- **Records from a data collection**
★ ★ ★ ★ ★

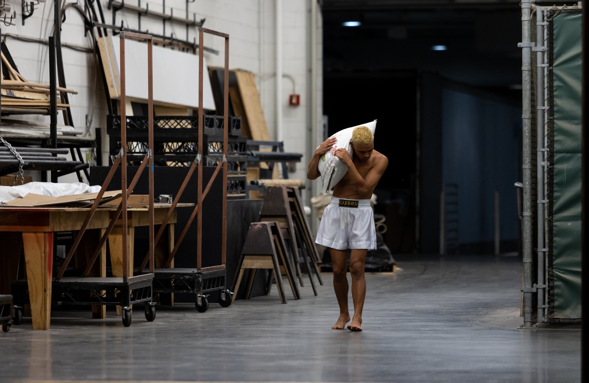 James Baldwin once wrote, “People are trapped in history and history is trapped in them.” For rising choreographer and dancer Jay Carlon, the history and the colonial turmoils of the Filipinx experience is as heavy as a gunny sack of rice. As part of the REDCAT NOW Festival, Carlon presented his tender and prescient performance, Novena, at the CalArts Theater in Downtown Los Angeles with singer and sound artist Micaela Tobin. Historically, Novena—from the Latin word for nine—is a multi-day devotional ritual for grieving and healing, a transmutational practice of turning suffering into acceptance. Over the course of Carlon’s performance, this metamorphosis is slow, quiet and beautiful, like a lepidoptera emerging from a cocoon, body first, then legs, then wings, then flying into the unknown. Novena starts with the backstage wide open, lights on, fluorescent, exposed, the theater as a naked object. The first thing you recognize is someone riding an industrial floor polisher, the hooks, the ladders, the wires behind the stage symbolically exposed. A nod to the invisible workers, the culturally vanished. Carlon, in just a pair of boxing shorts, emerges with a sack of rice as Tobin gives her somber soprano chorus.
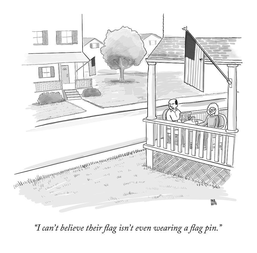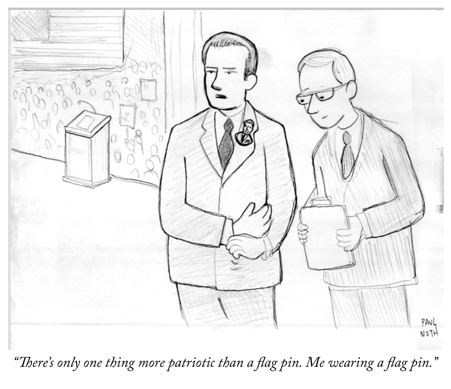 That might strike you as a completely different cartoon, but to me it’s the same idea made more palatable. And in this rare case, I have to insist that everyone in the world is wrong and I alone am right. That first version—with the politician wearing a pin of himself wearing the flag pin—is a lot funnier. I’m afraid I have to be very stubborn about this.
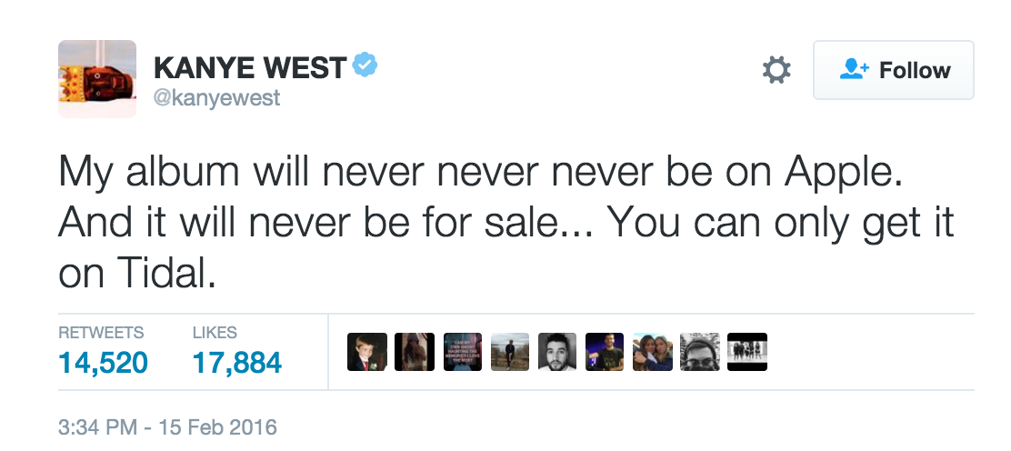 Todo comenzó en febrero de 2016, cuando se anunció que el, entonces, nuevo disco de Kanye West sería exclusivo de TIDAL, por lo que muchos fans se inscribieron en la plataforma y pagaron por el servicio. Sin embargo, a dos meses del lanzamiento de The Life of Pablo, el disco apareció en otras plataformas como Spotify, Apple Music y Google Pay, a pesar de que el mismo West tuiteara “Mi disco no va a estar on Apple nunca. Tampoco estará a la venta… Sólo lo podrás conseguir en TIDAL“.
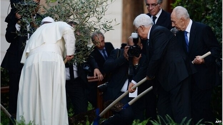| Le Pape Fran?ois, Shimon Peres et Mahmoud Abbas plantent un olivier en signe de paix. |
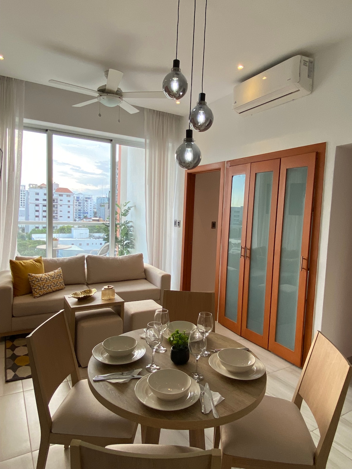 Alojamiento, Moderno Tranquilo y Céntrica en Piantini📍✨ Uživajte u udobnosti i privilegovanoj lokaciji u najekskluzivnijem dijelu Santo Dominga. Opremljen je WI-FI MREŽOM, klima-uređajem, TV-om sa Netflix-om, šporetom, aparatom za kafu, frižiderom, posuđem i tiganjem, kao i pametnom bravom, liftom, protivpožarnim alarmom i danonoćnim obezbjeđenjem. 🚗 Privatni parking i samo 1 minut od Nacionalnog supermarketa i Plaza Central u istoj ulici. Okruženi najboljim restoranima i pabovima u sektoru Pjantini
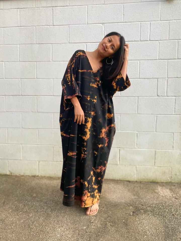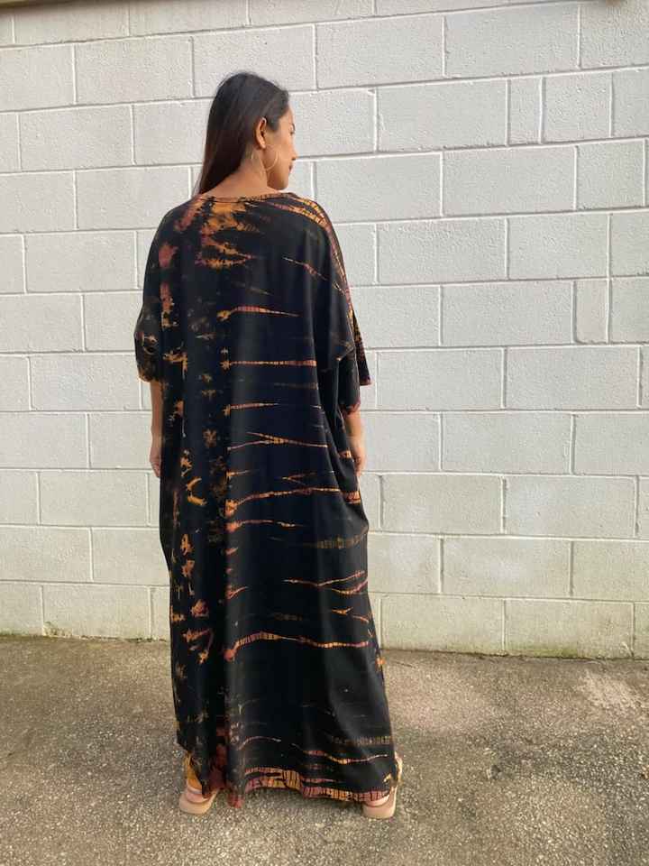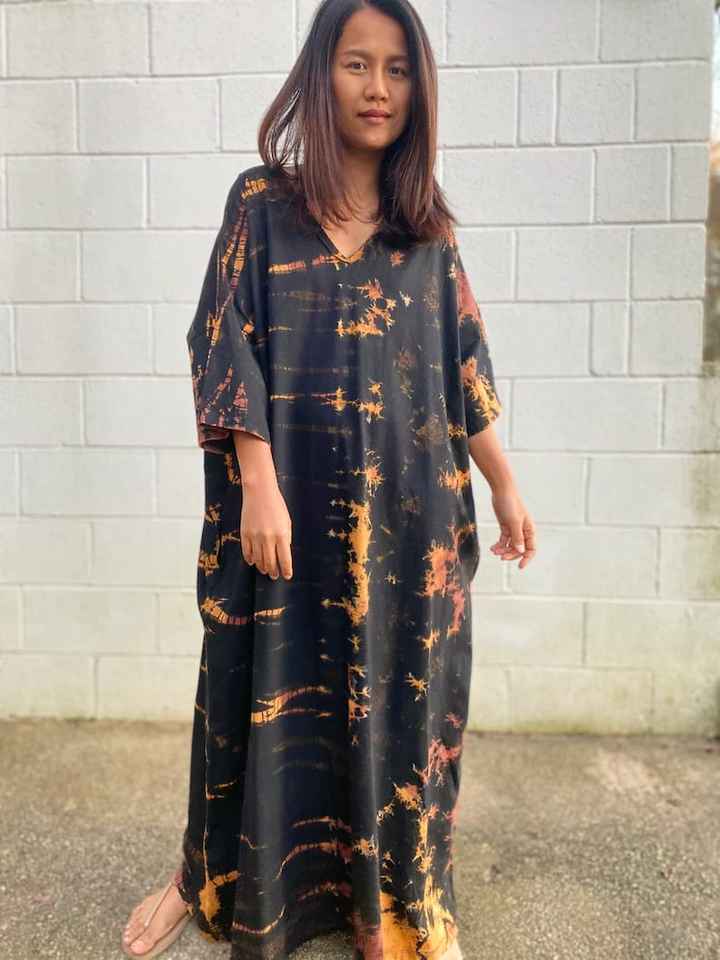 ชุดคลุมสไตล์โบฮีเมียน ปี 2026 ชุดเดรสหลวมๆ สำหรับผู้หญิง ฤดูร้อน ลายมัดย้อมสีดำ คาฟทันพิมพ์ลาย แขน 3/4 คอวี ผ่าข้าง ชุดเดรสยาวสำหรับใส่ไปชายหาด
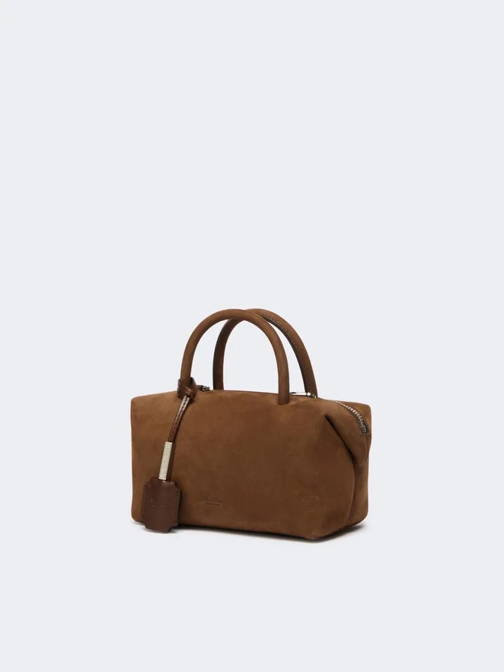 small boston handbag with double handle and m-shaped folded sides with magnet, lock and personalized leather key tag.
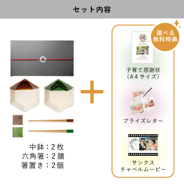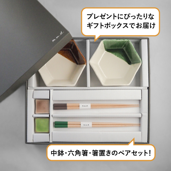 縁起がいいとされている六角を取り入れた中鉢とお箸、箸置きをセットに。
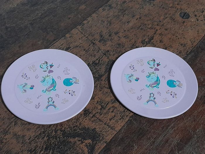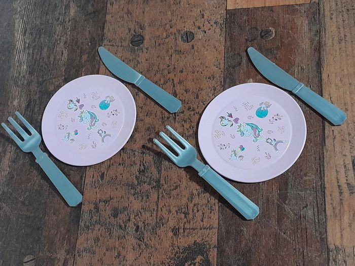 Assiettes décor "Licorne". Accessoires pour dînette bon état. Vendus comme sur les photos. Consultez mes autres annonces, création de lot possible sur simple demande .🙂
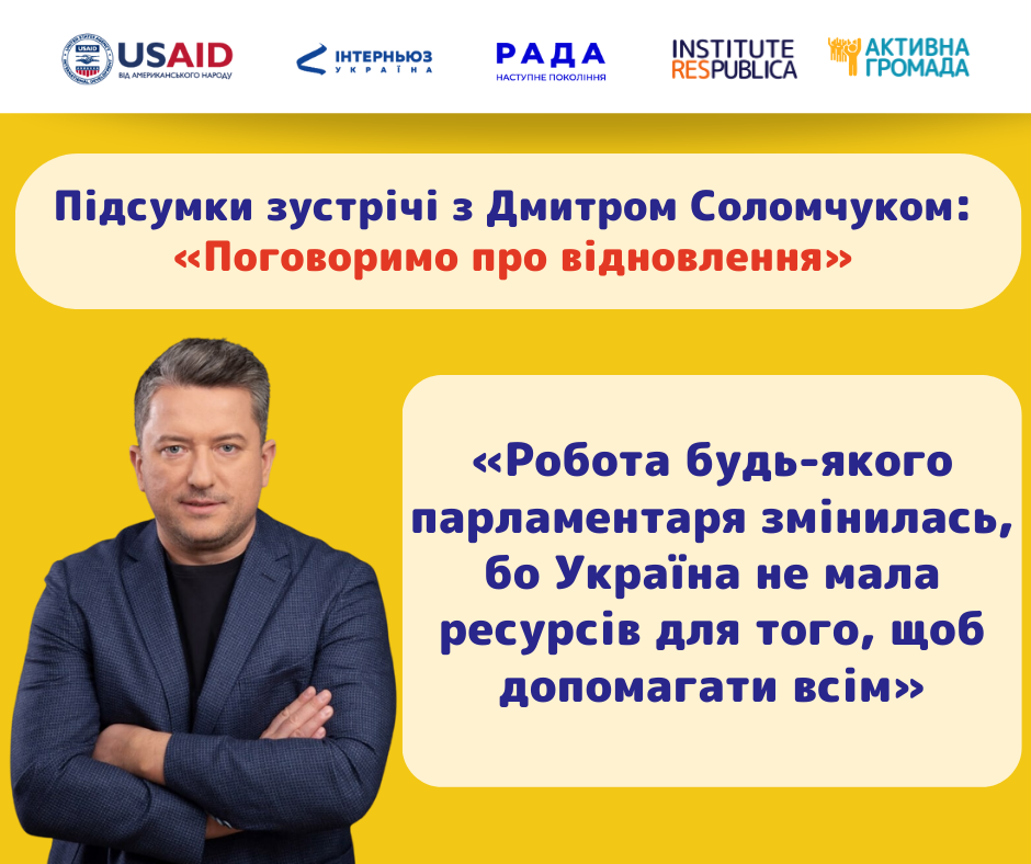 Про проєкт: участь у заходах сприяє підвищенню рівня обізнаності населення про функції депутатів ВРУ, методів взаємодії з ними та обговорення плану відновлення і розвитку країни у воєнний та повоєнний період. Також — сприятиме розвитку діалогу між депутатами ВРУ та громадянами щодо розробки проєктів законів щодо відновлення за допомогою публічних консультацій.
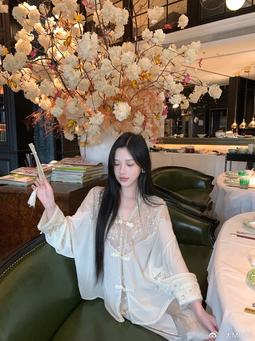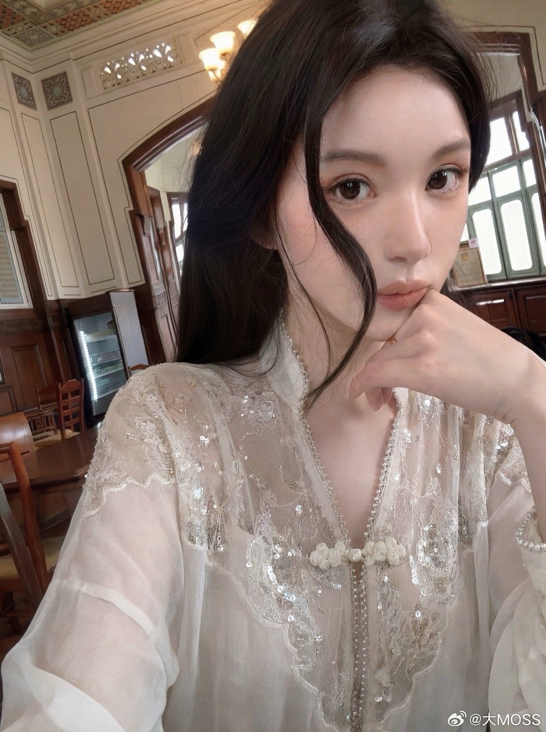 𝑴𝑶𝑺𝑺 𝟑.𝟑𝟎/𝟐𝟎:𝟎𝟎𝒑𝒎【南鸢若尘】🤍🤍新中式重工珠绣蕾丝拼接丝绒衬衫衣服衣身垂坠感极佳,肩线设计自然舒展肩颈,拼接了同色系重工亮片蕾丝,门襟银边水钻珠网纱夹边条强化了轮廓的精致感,与衣领绣纱形成统一韵律。新中式

★ ★ ★ ★ ★

- **Your goal**
Quote exactly, and only, the lines from the line containing "Про проєкт: участь" through the final line of the records above, both included, omitting any pictures.

- **Response for this exercise**
 Про проєкт: участь у заходах сприяє підвищенню рівня обізнаності населення про функції депутатів ВРУ, методів взаємодії з ними та обговорення плану відновлення і розвитку країни у воєнний та повоєнний період. Також — сприятиме розвитку діалогу між депутатами ВРУ та громадянами щодо розробки проєктів законів щодо відновлення за допомогою публічних консультацій.
 𝑴𝑶𝑺𝑺 𝟑.𝟑𝟎/𝟐𝟎:𝟎𝟎𝒑𝒎【南鸢若尘】🤍🤍新中式重工珠绣蕾丝拼接丝绒衬衫衣服衣身垂坠感极佳,肩线设计自然舒展肩颈,拼接了同色系重工亮片蕾丝,门襟银边水钻珠网纱夹边条强化了轮廓的精致感,与衣领绣纱形成统一韵律。新中式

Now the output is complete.